The main feature of a linear programming problem (LPP) is that all functions involved, the objective function and those expressing the constraints, must be linear. The appereance of a single nonlinear function anywhere, suffices to reject the problem as an LPP.

The definition of an LPP is expected in General Form:

\begin{eqnarray} & minimize \quad &cx = \, \sum_i c_i x_i \\ & subject \, to \quad & \nonumber \\ && \sum_i a_{ji} \,x_i \,\leq\, b_j, \qquad j = 1, \ldots, p, \\ && \sum_i a_{ji} \,x_i \,\geq\, b_j, \qquad j = p+1, \ldots, q, \\ && \sum_i a_{ji} \,x_i \,=\, b_j, \qquad j = q+1, \ldots, m, \end{eqnarray}

where \(c_i, b_i\), and \(a_{ji}\) are the data of the problem.

class sigmaepsilon.math.optimize.LinearProgrammingProblem(obj: Function, constraints: Sequence[Relation], *, variables: Sequence[Symbol] | None = None, bounds: tuple[int | float | None, int | float | None] | Sequence[tuple[int | float | None, int | float | None]] = (0, None), integrality: Iterable[int] | int = None, sparsify: bool = True)

A class to solve linear programming problems [1]. It uses the scipy.optimize.linprog() function as a solver [2], which eventually calls into the HIGHS solver [3].

To define the objective and the constraints, you can use the Function, Relation, Equality and InEquality classes. These are able to understand SymPy expressions and strings, giving you the flexibility in defining the problem.

Parameters:

• obj (Function) – The objective function.

• constraints (Sequence[Relation]) – The constraints.

• variables (Sequence[Symbol], Optional) – The variables of the problem.
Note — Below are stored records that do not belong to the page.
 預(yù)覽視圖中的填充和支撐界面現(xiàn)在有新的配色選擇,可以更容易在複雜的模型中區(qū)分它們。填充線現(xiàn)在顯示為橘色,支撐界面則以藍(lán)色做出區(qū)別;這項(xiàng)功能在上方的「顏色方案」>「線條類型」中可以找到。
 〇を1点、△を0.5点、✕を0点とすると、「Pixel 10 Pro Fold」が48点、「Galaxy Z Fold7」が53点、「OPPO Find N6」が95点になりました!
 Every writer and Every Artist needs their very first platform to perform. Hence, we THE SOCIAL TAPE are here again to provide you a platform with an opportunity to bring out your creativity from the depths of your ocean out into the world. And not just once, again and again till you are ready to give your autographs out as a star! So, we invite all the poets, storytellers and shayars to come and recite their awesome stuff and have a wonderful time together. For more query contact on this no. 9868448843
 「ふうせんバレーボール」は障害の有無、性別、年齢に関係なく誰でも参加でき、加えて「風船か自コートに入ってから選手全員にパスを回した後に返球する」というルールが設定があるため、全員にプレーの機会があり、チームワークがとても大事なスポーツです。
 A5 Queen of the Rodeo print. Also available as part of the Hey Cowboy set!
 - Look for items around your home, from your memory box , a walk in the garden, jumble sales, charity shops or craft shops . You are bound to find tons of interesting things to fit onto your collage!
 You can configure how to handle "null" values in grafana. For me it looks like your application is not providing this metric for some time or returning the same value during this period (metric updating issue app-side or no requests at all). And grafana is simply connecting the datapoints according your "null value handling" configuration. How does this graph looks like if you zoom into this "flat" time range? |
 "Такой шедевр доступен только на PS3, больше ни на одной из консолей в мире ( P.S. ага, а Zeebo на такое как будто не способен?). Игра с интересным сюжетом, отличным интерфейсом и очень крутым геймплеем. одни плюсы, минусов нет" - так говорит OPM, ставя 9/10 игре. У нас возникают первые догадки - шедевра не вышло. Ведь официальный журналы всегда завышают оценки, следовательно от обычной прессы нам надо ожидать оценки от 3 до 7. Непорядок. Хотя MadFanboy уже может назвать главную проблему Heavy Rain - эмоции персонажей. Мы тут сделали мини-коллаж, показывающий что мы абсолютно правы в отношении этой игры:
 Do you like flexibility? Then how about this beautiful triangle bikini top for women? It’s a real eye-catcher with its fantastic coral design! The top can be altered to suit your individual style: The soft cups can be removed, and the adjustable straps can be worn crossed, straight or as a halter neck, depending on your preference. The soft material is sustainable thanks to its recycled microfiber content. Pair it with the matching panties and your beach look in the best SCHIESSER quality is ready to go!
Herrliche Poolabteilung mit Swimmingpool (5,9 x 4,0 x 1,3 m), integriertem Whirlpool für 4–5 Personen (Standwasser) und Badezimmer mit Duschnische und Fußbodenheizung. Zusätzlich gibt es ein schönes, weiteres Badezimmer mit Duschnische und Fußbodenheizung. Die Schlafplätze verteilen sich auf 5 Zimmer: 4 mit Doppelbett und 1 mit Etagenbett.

The variables must be provided for symbolic functions to guarantee that the order of the variables is consistent with the symbolic functions that make up the problem.

• bounds (BoundsLike, Optional) – See the bounds parameter in scipy.optimize.linprog for more details.

• integrality (Iterable[int] | int, Optional) – See the integrality parameter in scipy.optimize.linprog for more details.

• sparsify (bool, Optional) – If True, the constraint matrices will be converted to sparse format before passing them to the solver. This can improve performance for large problems with many zero coefficients. Default is True.

See also

Function, Relation, Equality, InEquality

Examples

The following example solves a problem with a unique solution.

\[\begin{split}\begin{eqnarray} & minimize& \quad 3 x_1 + x_2 + 9 x_3 + x_4 \\ & subject \, to& & \nonumber\\ & & x_1 + 2 x_3 + x_4 \,=\, 4, \\ & & x_2 + x_3 - x_4 \,=\, 2, \\ & & x_i \,\geq\, \, 0, \qquad i=1, \ldots, 4. \end{eqnarray}\end{split}\]

>>> from sigmaepsilon.math.optimize import LinearProgrammingProblem as LPP
>>> from sigmaepsilon.math.function import Function, Relation
>>> import sympy as sy
>>>
>>> x1, x2, x3, x4 = variables = sy.symbols('x1:5')
>>> obj = Function(3*x1 + 9*x3 + x2 + x4, variables=variables)
>>> eq1 = Relation(x1 + 2*x3 + x4 - 4, variables=variables)
>>> eq2 = Relation(x2 + x3 - x4 - 2, variables=variables)
>>>
>>> bounds = [(0, None), (0, None), (0, None), (0, None)]
>>> problem = LPP(obj, [eq1, eq2], variables=variables, bounds=bounds)
>>> problem.solve().x
array([0., 6., 0., 4.])

In this example, bounds could have been specified as bounds=(0, None) as well, since all variables have the same bound.

Now let see how to solve the following mixed integer linear programming problem.

\[\begin{split}\begin{eqnarray} & minimize& \quad 3 x_2 + 2 x_3 \\ & subject \, to& & \nonumber\\ & & 2 x_1 + 2 x_2 - 4 x_3 \,=\, 5, \\ & & x_i \,\geq\, \, 0, \qquad i=1, \ldots, 4. \\ & & x_1, x_3 \,\in\, \mathbb{Z}. \end{eqnarray}\end{split}\]

>>> variables = x1, x2, x3 = sy.symbols(["x1", "x2", "x3"])
>>> f = Function(3 * x2 + 2 * x3, variables=variables)
>>> eq = Relation(2 * x1 + 2 * x2 - 4 * x3 - 5, op="=", variables=variables)
>>> bounds = (0, None)
>>> integrality = [1, 0, 1]
>>> problem = LPP(f, [eq], variables=variables, bounds=bounds, integrality=integrality)

These integrality constraints can also be specified using assumptions on the symbolic variables.

>>> x1, x3 = sy.symbols(["x1", "x3"], integer=True)
>>> x2 = sy.symbols("x2")
>>> variables = x1, x2, x3
>>> f = Function(3 * x2 + 2 * x3, variables=variables)
>>> eq = Relation("2 * x1 + 2 * x2 - 4 * x3 = 5", variables=variables)
>>> problem = LPP(f, [eq], variables=variables, bounds=(0, None))

References

[1]

https://en.wikipedia.org/wiki/Linear_programming

[2]

https://docs.scipy.org/doc/scipy/reference/generated/scipy.optimize.linprog.html

[3]

https://highs.dev/

solve(*, maximize: bool = False, method: str = 'highs', **kwargs) → OptimizeResult

Solves the linear programming problem using scipy.optimize.linprog and returns an instance of scipy.optimize.OptimizeResult.

Parameters:

• maximize (bool, Optional) – If True, the problem is a maximization problem.

• method (str, Optional) – The solver to use. The default is “highs”. For more options see the method parameter in scipy.optimize.linprog.

• **kwargs – Additional keyword arguments to pass to scipy.optimize.linprog.

Returns:

The result of the optimization.

Return type:

scipy.optimize.OptimizeResult

property variables: Iterable[Symbol]

Returns the variables of the problem.